Essentially, the media—the movies, TV, and the recording studio itself—are the instruments that the Beatles play along with their guitars and drums, and the entire movie is a feedback loop of self-conscious media players who create celebrity along with music. Lester’s way with music is essentially that of advertising on the wing, and the narrative playfulness, the intermittent frame-breaking, the cartoonish interpolations—such as the wondrous appearance of musical instruments in the band’s hands during the card game in the baggage car (while the song “I Should Have Known Better” plays on the soundtrack, and the Beatles start to play along)—help to create a sort of joyous mask for the brazen visual advertisements of the records and the Beatles themselves.

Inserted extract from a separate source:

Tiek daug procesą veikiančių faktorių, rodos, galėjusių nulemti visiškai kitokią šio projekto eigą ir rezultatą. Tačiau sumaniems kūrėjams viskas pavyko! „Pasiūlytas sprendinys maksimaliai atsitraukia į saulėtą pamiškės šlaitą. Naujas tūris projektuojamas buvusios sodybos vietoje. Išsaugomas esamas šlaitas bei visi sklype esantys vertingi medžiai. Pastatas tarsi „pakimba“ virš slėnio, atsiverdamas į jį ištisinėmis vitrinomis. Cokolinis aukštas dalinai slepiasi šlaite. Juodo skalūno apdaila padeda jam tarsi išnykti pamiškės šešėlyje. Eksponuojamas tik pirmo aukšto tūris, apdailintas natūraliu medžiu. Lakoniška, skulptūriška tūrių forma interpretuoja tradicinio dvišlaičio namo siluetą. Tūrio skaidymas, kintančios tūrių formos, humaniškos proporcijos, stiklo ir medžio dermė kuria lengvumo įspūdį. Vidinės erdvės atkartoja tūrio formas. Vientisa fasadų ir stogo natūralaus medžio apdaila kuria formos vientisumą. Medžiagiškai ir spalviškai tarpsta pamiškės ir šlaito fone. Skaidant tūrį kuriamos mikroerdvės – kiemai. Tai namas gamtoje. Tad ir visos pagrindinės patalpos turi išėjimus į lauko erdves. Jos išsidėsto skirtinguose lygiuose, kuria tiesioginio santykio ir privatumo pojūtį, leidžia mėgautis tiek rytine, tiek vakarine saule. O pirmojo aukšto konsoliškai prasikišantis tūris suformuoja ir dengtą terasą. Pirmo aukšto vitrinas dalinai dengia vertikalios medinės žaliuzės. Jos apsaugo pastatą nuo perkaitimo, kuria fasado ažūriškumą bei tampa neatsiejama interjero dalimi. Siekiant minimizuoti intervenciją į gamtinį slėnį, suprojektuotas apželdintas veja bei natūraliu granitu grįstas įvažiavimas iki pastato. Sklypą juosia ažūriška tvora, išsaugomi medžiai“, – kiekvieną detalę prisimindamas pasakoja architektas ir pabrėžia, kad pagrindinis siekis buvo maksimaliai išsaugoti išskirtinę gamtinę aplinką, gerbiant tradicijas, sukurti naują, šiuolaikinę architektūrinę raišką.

Lester’s movie defines the recording—the three-minute single—as the fundamental unit of pop music. “A Hard Day’s Night” features no spontaneous musical performances, but it plasters records onto the soundtrack and features apparent performances that are lip-synched and instrument-synched to records, which canonizes those versions and emphasizes one particular kind of performance, the one in the recording studio—which, notably, is rigorously excluded from the movie.

Rather, Lester places the Beatles within a trinity of cinema, theatre, and television: he brings the band into the TV studio to perform live for an overwrought audience that sees the Beatles at a distance. He films from inside the TV director’s control booth, where the wide shot of the musicians seen from afar and the views of the audience from the window contrast with the close-ups of the TV cameras seen on the director’s small screens. Lester emphasizes the point of view of the Beatles themselves, gazing out both at the exultant throng and at the technicians wandering between the impassive video cameras; he shows the tweaking of knobs and the pressing of buttons that make the broadcast happen; and, of course, he shows the crowd, mainly of young women, stoked to shrieking frenzy.

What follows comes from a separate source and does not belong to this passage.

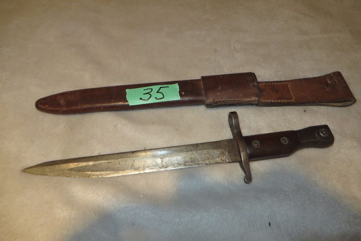 WWI Ross Bayonet c/w leather sheath sharp point RCA, LOB, Ross rifle Quebec

But the mechanics of the cinema, like those of the recording studio, remain hidden. Lester pulls back the veil on the televised spectacle, but the movie cameras that catch the action of theatre and television alike, that capture the heatedly intimate close-ups, from the side, of John Lennon, remain off-camera. For all the playfulness, the antic absurdity, the self-deprecating jollity of the movie’s aesthetic as well as of the Beatles themselves, the movie machine remains a mystery. The editing of the film underscores—and separates out—its cartoonish gags with the equivalent of a visual highlighter but doesn’t fill the movie with jolting cuts; the shooting of the movie lends warmth to the tone but doesn’t pull the director or the means of production out in front of the camera (no flash-frames, no slates, no switches from color to black-and-white or resizings of the frame or supertitles).

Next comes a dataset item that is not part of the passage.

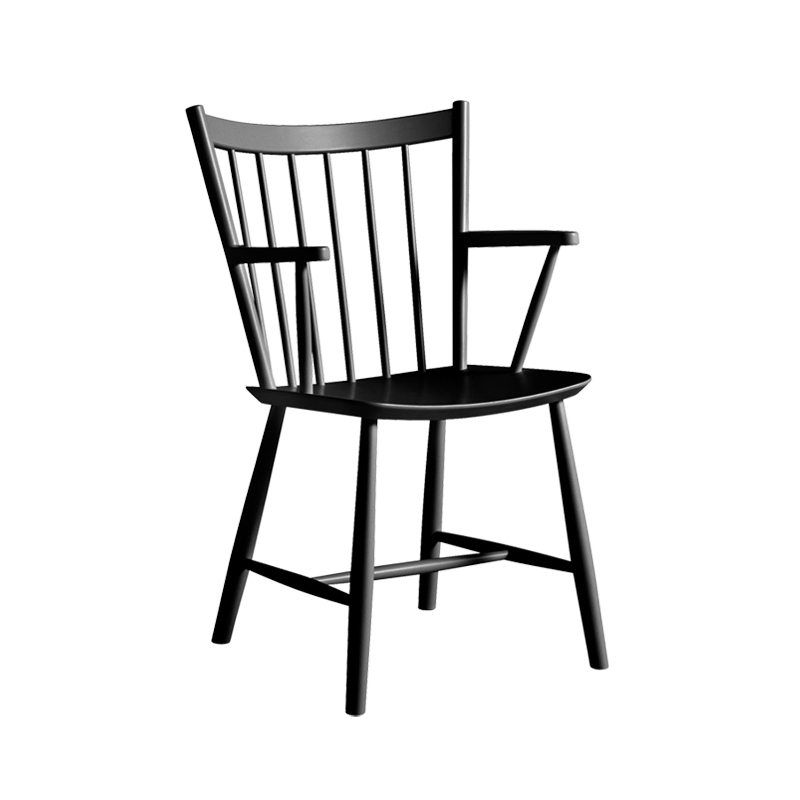 Le petit fauteuil J42, dessiné par Børge Mogensen et réédité par Hay, est doté d'accoudoirs, d’un dossier légèrement incliné et de tiges largement espacées créant un design épuré qui offre une qualité intemporelle. La chaise à accoudoirs J42 combine aspect chaleureux naturel, confort et durabilité. Elle est disponible en hêtre naturel, en hêtre laqué dans différentes couleurs, en chêne laqué naturel ou chêne huilé. La chaise J41 Hay s'intègre à tous les styles d'espaces aussi bien dans la cuisine que dans le salle à manger.

Lester’s cinema is no radical cinema; it’s the healthy normalization of styles of radical cinema, the conversion of a cinema of youthful inspiration into a new mainstream that created new stars and a new sort of stardom—a softened and self-conscious stardom that doesn’t strike a heroic pose but folds gently into its own soulful self-parody, and that the mystic, mythologizing power of the cinema, with its art of the close-up, reinflates. But this new center didn’t hold for long; movies were fighting a losing battle against television, and the cinema was stretched between the weight of its resurgent simplicity and ever more radical prospects. (The same thing, of course, happened with the music as well.) Lester may have been more of a brilliant consolidator than a visionary originator—but he at least mapped the ground of an aesthetic conflict that’s at the heart of media modernity, and that endures to this day.

P.S. Was there a media icon who, at the time, similarly redefined feminine sexuality? The question is a sincere one; I’m not at all sure of an answer.